Recently in my workplace we made some pretty serious gear shifts with regard to storage. Being vendor agnostic as I always strive to be I will say that our go-to fabric vendor changed as well as our go-to disk vendor. Since the change things work, but the more I dig into what’s going on under the hood, the more I feel like I’m living in a house of cards.
The change came as the result of 2 companies merging and coalescing on one hardware platform for all systems. Going in with the blinders on I was absolutely indifferent to the fabric change since I’ve worked with the new vendor’s gear in the past and took a liking to it, and as for the storage vendor they had a clean slate to start with so I had no reservations there either. In erecting our new gear some months ago we worked with staff from the company we merged with so as to build like for like environments to ease the merging environments down the road. One thing that made me quite suspect of either the gear we were installing or the practices of the personnel in the other organization was their suggestion to modify b2b credits on the storage side switch ports. Scratching my head I said that I prefer to leave port settings default and only make adjustments AFTER we’ve seen a symptom arise that suggests a need to deviate from default.

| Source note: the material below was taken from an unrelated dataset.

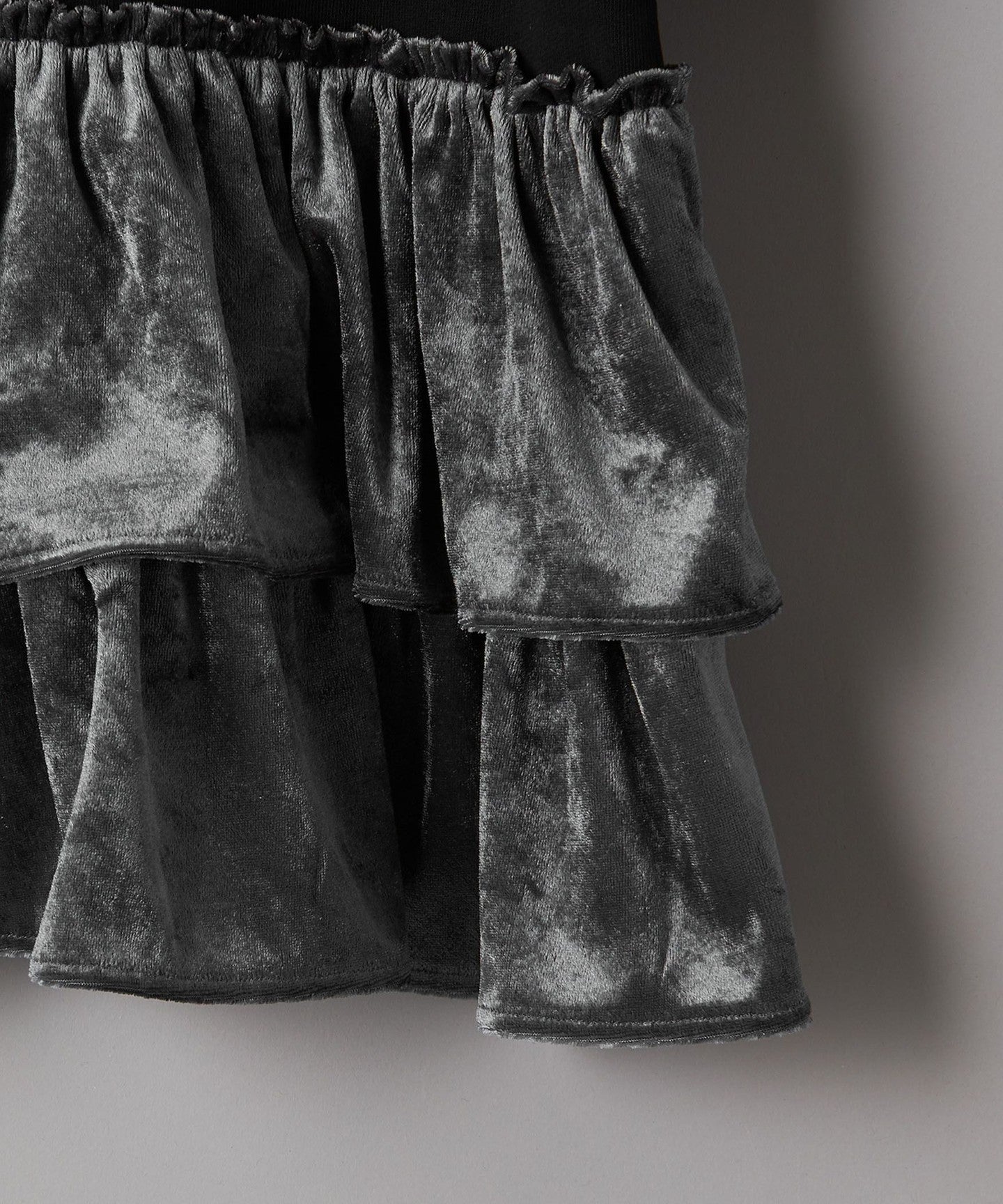 The voluminous sleeves and gathered velvet give it a glamorous look.

Fast forward about 3 quarters and we have 3 new arrays from ACME Storage, 2 directors and 6 pizza box FC switches from ACME SAN. Everything *works* but now that I’ve had time to breath I’m finding things in our environment I don’t like. Let’s compare counters from the busiest ISL links (primaries for a MetroCluster FCVI), before and after. Note that the before counters were last reset about 18 months prior to the dismantling of the ISL while the counters for the new ISL port are reset daily by a script run by our peers:
Frames Transmitted B2B Credit Zero Errors B2BC0 Percentage Old 2657260246611 2377700058 .089% New 2851542621 1306395534 45.8%
Both of these ISLs were configured with the staff from the switch manufacturer onsite and configured per best practices published by NetApp. As a matter of fact on the new configuration the B2B credit allocation was padded above and beyond the 150% padding that NetApp recommends. This is the ugliest counter to look at. Other ports have seen similar increases in errors, and seemingly for no good reason. Our production EMR has 8 host ports allocated for both the active and standby nodes, and the standby node is truly standby. Even still I’m seeing many b2b credit zero errors every second on those host ports, not the storage ports.
Mostly this is a pointless diatribe about changes I’m seeing. I’m truly concerned that I’m going to get to start micro-managing my FC ports in order to maintain performance and keep error counters low. If I reach that point I will no doubt be writing another post titled “Don’t buy this vendors junk unless you like being in the business of keeping the lights on.” Watch for that one.